Jeremiah ist einer der 37 Schüler aus Ising und Bad Reichenhall, die im Jugendgästehaus Teisendorf am weltumfassenden Planspiel Polis teilnehmen und in die Rolle des Wirtschaftsministers der Region Südamerika schlüpfen. Das Planspiel „Polis“ steht für Politik und internationale Sicherheit und war an der Universität Erlangen entwickelt worden, um den Studenten die Weltpolitik näher zu bringen. Seit 1989 nutzt es die Bundeswehr für ihre Öffentlichkeitsarbeit. 

Staatsminister, NGO's und Co.

In diesen drei Tagen übernehmen die Zehntklässler verschiedene Rollen: Als Staatsminister, Regierungschef und Wirtschaftsminister vertreten die Schüler große Flächenstaaten wie Russland und Regionen wie Europa, dazu leiten sie die Weltbank und die Vereinten Nationen und arbeiten als internationale Journalisten und Vertreter der NGO’s, also der Nichtregierungsorganisationen. 

In der ersten Runde stellen sich die Politiker mit ihren Staat und der vorgegeben Ausgangslage vor, zum Beispiel erläutert die Wirtschaftsministerin Indiens, Melanie Mair vom Isinger Gymnasium, warum ihr Land „eine aufstrebende Wirtschaftsmacht“ ist. Aber gleich danach ploppen neue, beunruhigende Nachrichten auf: In Indien gibt es Terroranschläge in der Stadt Mumbai, oder in China „Linfen, die dreckigste Stadt der Welt“ und vor Indonesien beispielsweise eine große Gefahr durch die Piraterie. Die Staatengruppen und Staaten müssen nun auf diese Herausforderungen reagieren, Kampagnen starten, Gelder investieren, bilaterale Verträge abschließen.

Diskussionen und Versammlungen an der Tagesordnung

Bei der UN-Vollversammlung hält jeder Staatschef eine Rede und muss sich gegen kritische Fragen wappnen.

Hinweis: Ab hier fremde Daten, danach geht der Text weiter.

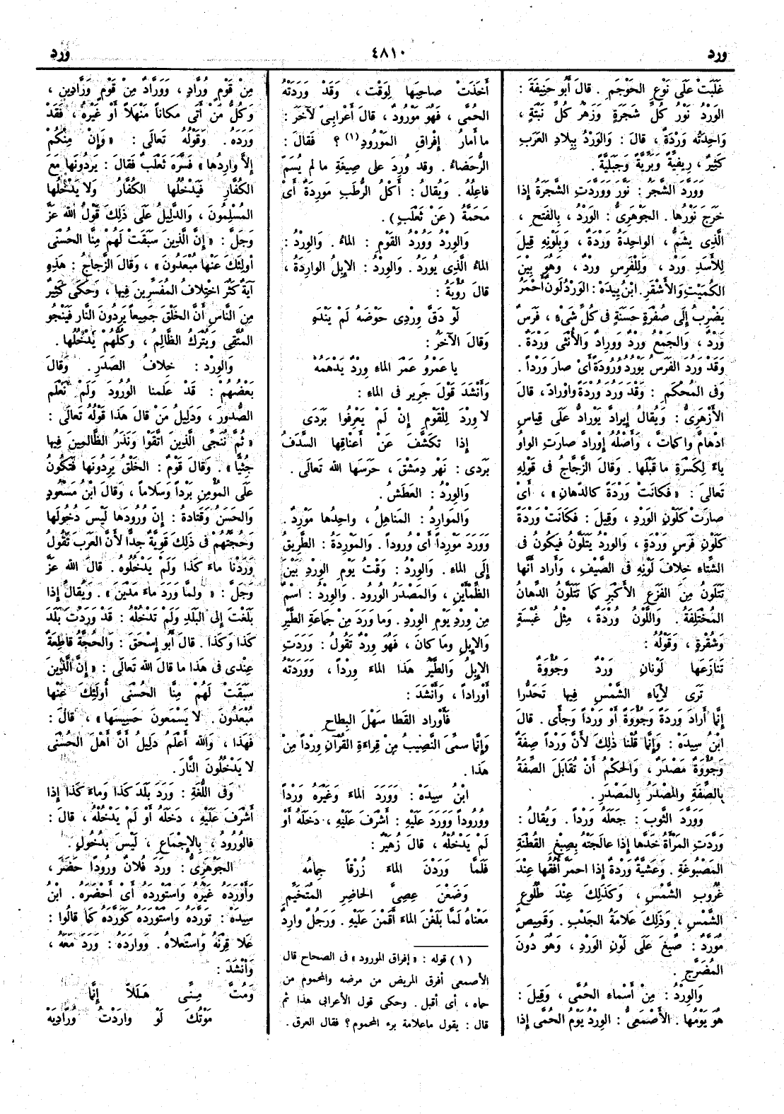 ( * قوله « إفراق المورود » في الصحاح قال الأَصمعي أفرق المريض من مرضه والمحموم من حماه أي أَقبل وحكى قول الأعرابي هذا ثم قال يقول ما علامة برء المحموم ؟ فقال العرق ) فقال الرُّحضاءُ وقد وُرِدَ على صيغة ما لم يُسَمّ فاعله ويقال أَكْلُ الرُّطَبه مَوْرِدةٌ أَي مَحَمَّةٌ عن ثعلب والوِرْدُ وُوردُ القوم الماء والوِرْدُ الماء الذي يُورَدُ والوِرْدُ الابل الوارِدة قال رؤبة لو دَقَّ وِرْدي حَوْضَه لم يَنْدَهِ وقال الآخر يا عَمْرُو عَمْرَ الماء وِرْدٌ يَدْهَمُهْ وأَنشد قول جرير في الماء لا وِرْدَ للقَوْمِ إِن لم يَعْرِفُوا بَرَدى إِذا تكَشَّفَ عن أَعْناقِها السَّدَفُ بَرَدى نهر دِمَشْقَ حرسها الله تعالى والوِرْدُ العَطَشُ والمَوارِدُ المَناهِلُ واحِدُها مَوْرِدٌ وَوَرَدَ مَوْرِداً أَي وُرُوداً والمَوْرِدةُ الطريق إِلى الماء والوِرْدُ وقتُ يومِ الوِرْدِ بين الظِّمْأَيْنِ والمَصْدَرُ الوُرُودُ والوِرْدُ اسم من وِرْدِ يومِ الوِرْدِ وما وَرَدَ من جماعة الطير والإِبل وما كان فهو وِرْدٌ تقول وَرَدَتِ الإِبل والطير هذا الماءَ وِرْداً وَوَرَدَتْهُ أَوْراداً وأَنشد فأَوْراد القَطا سَهْلَ البِطاحِ وإِنما سُمِّيَ النصيبُ من قراءَة القرآن وِرْداً من هذا ابن سيده ووَرَدَ الماءَ وغيره وَرْداً ووُرُوداً وَوَرَدَ عليه أَشرَفَ عليه دخله أَو لم يدخله قال زهير فَلَمَّا وَرَدْنَ الماءَ زُرْقاً جِمامُه وضَعْنَ عِصِيَّ الحاضِرِ المُتَخَيّمِ معناه لما بلغن الماء أَقَمْنَ عليه ورجل وارِدٌ من قوم وُرّادٌ وورَّادٌ من قومٍ وَرّادين وكل من أَتى مكاناً منهلاً أَو غيره فقد وَرَدَه وقوله تعالى وإِنْ منكم إِلاَّ واردُها فسره ثعلب فقال يردونها مع الكفار فيدخلها الكفار ولا يَدْخلُها المسلمون والدليل على ذلك قول الله عز وجل إِنَّ الذين سَبَقَتْ لهم منا الحُسْنى أُولئك عنها مُبْعَدون وقال الزجاج هذه آية كثر اختلاف المفسرين فيها وحكى كثير من الناس أَن الخلق جميعاً يردون النار فينجو المتقي ويُتْرَك الظالم وكلهم يدخلها والوِرْد خلاف الصَدَر وقال بعضهم قد علمنا الوُرُودَ ولم نعلم الصُّدور ودليل مَن قال هذا قوله تعالى ثم نُنَجِّي الذين اتَّقَوْا ونَذَرُ الظالمين فيها جُثِيّاً وقال قوم الخلق يَرِدُونها فتكون على المؤمن بَرْداً وسلاماً وقال ابن مسعود والحسن وقتادة إِنّ وُروُدَها ليس دُخولها وحجتهم في ذلك قوية جدّاً لأَن العرب تقول ورَدْنا ماء كذا ولم يَدْخُلوه قال الله عز وجل ولمَّا ورَدَ ماءَ مَدْيَنَ ويقال إِذا بَلَغْتَ إِلى البلد ولم تَدْخله قد وَرَدْتَ بلد كذا وكذا قال أَبو إِسحق والحجة قاطعة عندي في هذا ما قال الله تعالى إِنَّ الذين سبقت لهم منا الحسنى أُولئك عنها مبعدون لا يَسْمَعون حَسيسَها قال فهذا والله أَعلم دليل أَن أَهل الحسنى لا يدخلون النار وفي اللغة ورد بلد كذا وماء كذا إِذا أَشرف عليه دخله أَو لم يدخله قال فالوُرودُ بالإِجماع ليس بدخول الجوهري ورَدَ فلان وُروُداً حَضَر وأَورده غيره واسْتَوْرَده أَي أَحْضَره ابن سيده توَرَّدَه واسْتَوْرَدَه كَوَرَّده كما قالوا علا قِرْنَه واسْتَعْلاه ووارَدَه ورد معَهَ وأَنشد ومُتَّ مِنِّي هَلَلاً إِنَّما مَوْتُكَ لو وارَدْتُ وُرَّادِيَهْ

Der Isinger Schüler Vincent Fischer stellt als Regierungschef Afrikas den Antrag auf eine UN-Resolution zur Entsendung von Schutztruppen und Entwicklungshelfern in seine Region. Die Politiker diskutieren lange darüber und nehmen den Antrag als Weltgemeinschaft mit zwei Gegenstimmen und drei Enthaltungen an

„Japan – die Rede war einen Tick zu schnell, aber du hast gut ins Publikum geschaut und mit den Händen deutlich unterstrichen, was du gesagt hast.“ Nach der Rede lobt und verbessert Jugendoffizier Kristin Brinkmann, die das Planspiel zusammen mit Jugendoffizier Christian Schicht leitet, die Reden der Zehntklässler. „Nicht die Hände in die Tasche!“ und „“Du neigst dazu, viel zu schnell zu reden!“ 

Weltpolitik in klein

Planspiel-Journalistin Benita Steger aus Ising legt nun ihre Finger in die Wunden der nicht gelungenen Regierungsprogramme. In Syrien blieb beispielsweise immer noch ein Industriezentrum der den Händen der IS, was für Europa höhere Energiepreise erzeugt. In China prangert Benita die Einschränkung der Meinungsfreiheit und die Produktionsrückgänge der Landwirtschaft durch die extreme Umweltverschmutzung an. Und Weltbank-Chef Simon Klotz mahnt die Staatsvertreter: "In einigen Regionen vergammelt das Essen, in anderen hungern die Leute!“ Insgesamt haben die Schüler der beiden Gymnasien bei diesem dreitägigen Planspiel sehr viel gelernt – und nicht nur der Isinger Jeremiah Geiger, dass Südamerika kein einzelner Staat ist.